I own a week at the Whistler Vacation club at Lake Placid Lodge. Making reservations has been no difficulty for me (I own a ski week).

Feel free to contact me if you need any more information.


----------



## BevL (Mar 21, 2007)

I have PM'd you.  Thank you.


----------



## Bill4728 (Mar 31, 2007)

Lake Placid lodge has multiple TS companies sharing the building. Which company is the you're interested in associated with?


----------



## BevL (Mar 31, 2007)

Thanks much, Bill.  The deal is basically done and I'm buying a couple of floating weeks there.


----------



## Bill4728 (Apr 14, 2007)

Bev,

What did you end up buying?


----------



## Steamboat Bill (Apr 14, 2007)

I don't like the location as it is Creekside and is not walking distance from Whislter Village.


----------



## Bill4728 (Apr 14, 2007)

Steamboat

You've been to Whistler??  LOL


----------



## Steamboat Bill (Apr 14, 2007)

Bill4728 said:


> Steamboat
> 
> You've been to Whistler??  LOL



hahaha...I am getting closer to breaking even on my 3x Delta Whistler Village Suites condo-hotels for those that don't get the above joke.

I really love Whislter and would only really reccomend staying in Whistler Village or Blackcomb (off the ski runs). This is truly a great year-round destination.

Creekside is like a graveyard in the summer (and lesser during the Winter)while the Village is streaming with activity.


----------



## Bill4728 (Apr 14, 2007)

If you think creakside is a graveyard now you should have seen it 3-4 years ago. It made a graveyard seem buzy.



			
				Steamboat said:
			
		

> I really love Whislter and would only really reccomend staying in Whistler Village or Blackcomb (off the ski runs). This is truly a great year-round destination.


I second that! Whistler village, Village-north and Blackcomb are all walking parts of the whistler valley. All other parts of Whistler mean driving or bussing into the village which is a pain!


----------



## Bill4728 (Apr 14, 2007)

One last thing.  Many people will trade into Whistler via a Whiski Jack TS and many of these are very nice.  BUT the address associated with the whiski Jack TS are all the same business address of the central checkin office and not the address of the TS. To find the address of the TS you must go to a whistler website like www.Blackcomb.com , find the villages maps, then look for the name of the TS on the maps.


----------



## martinus_scriblerus (Apr 14, 2007)

Steamboat Bill said:


> I really love Whislter and would only really reccomend staying in Whistler Village or Blackcomb (off the ski runs). This is truly a great year-round destination.
> 
> Creekside is like a graveyard in the summer (and lesser during the Winter)while the Village is streaming with activity.
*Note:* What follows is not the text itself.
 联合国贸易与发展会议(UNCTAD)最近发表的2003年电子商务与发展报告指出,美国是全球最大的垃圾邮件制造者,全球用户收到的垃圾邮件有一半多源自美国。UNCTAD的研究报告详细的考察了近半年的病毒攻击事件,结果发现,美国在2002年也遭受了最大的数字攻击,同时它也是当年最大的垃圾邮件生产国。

See this is the beauty of TUG. I disagree with your opinion because of what my expectations about what a perfect holiday is. 
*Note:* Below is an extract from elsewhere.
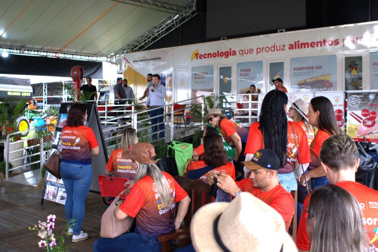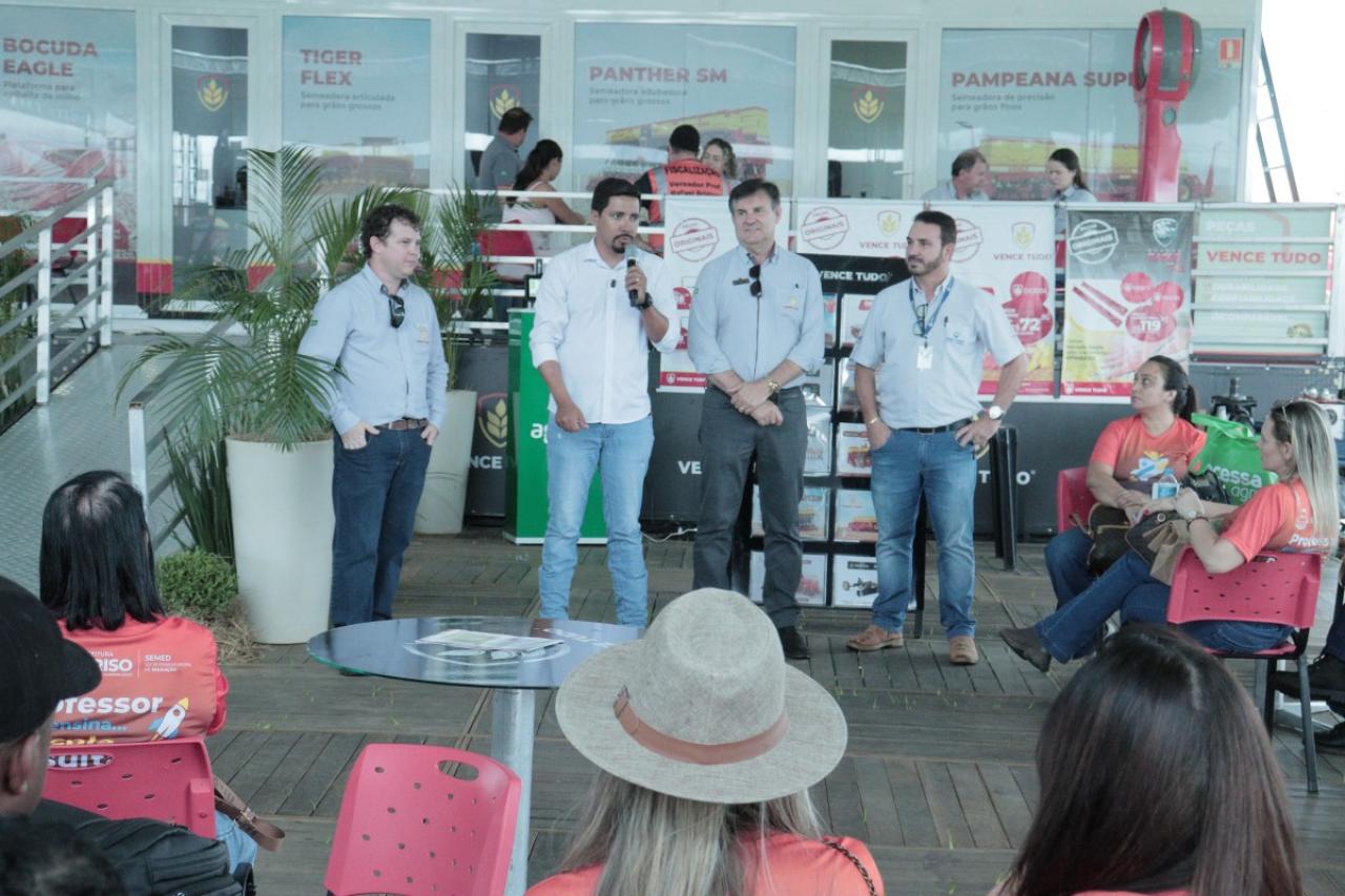 O presidente da Câmara de Sorriso, vereador Rodrigo Matterazzi, acompanhado da secretária municipal de Educação, Adriana Reichert, e de um grupo de professores da rede pública municipal, realizou nesta quinta-feira,26, uma visita técnica ao Show Safra, em Lucas do Rio Verde. A comitiva percorreu estandes de quatro empresas do agronegócio com o objetivo de fortalecer o projeto Agro Educador, que tem como proposta levar conteúdos relacionados ao agronegócio para disciplinas como Ciências e Geografia, aproximando os alunos da realidade econômica e produtiva da região.

I'm an owner at Lake Placid Lodge. In my opinion the location right accross from the Creekside gondala makes its location second to none for skiing. The fact that Creekside is not the Village with all its noise, bars, drunks etc. is appealing to me and my family. The grocery store right across the road is excellent. And if we want to go into the Village we can either ski down or just take the bus if we don't feel like driving ourselves. Note we are skiers and have never been to Whistler in the summer. My opinion is based on winter usage

We've stayed at both of Whistler Vacations Clubs two resorts in Whistler (Lake Placid Lodge in Creekside and Twin Peaks in the Village) and like them both quite a lot. But I'm very satisfied with my Lake Placid purchase and its Creekside location.


----------



## eal (Apr 14, 2007)

When it comes to Whistler, its ALL good!  Spring, summer, fall, winter, higher, lower, whatever!


----------



## Bill4728 (Apr 15, 2007)

The new creakside is a very nice part of whistler in the winter but DW would hate being so far from the village.

Although the last time we skied whislter we had to download. The line to the main village was 30 minutes to creakside 0 minutes. We went to creakside and call  DD at the TS and had her drive over and pick us up.


----------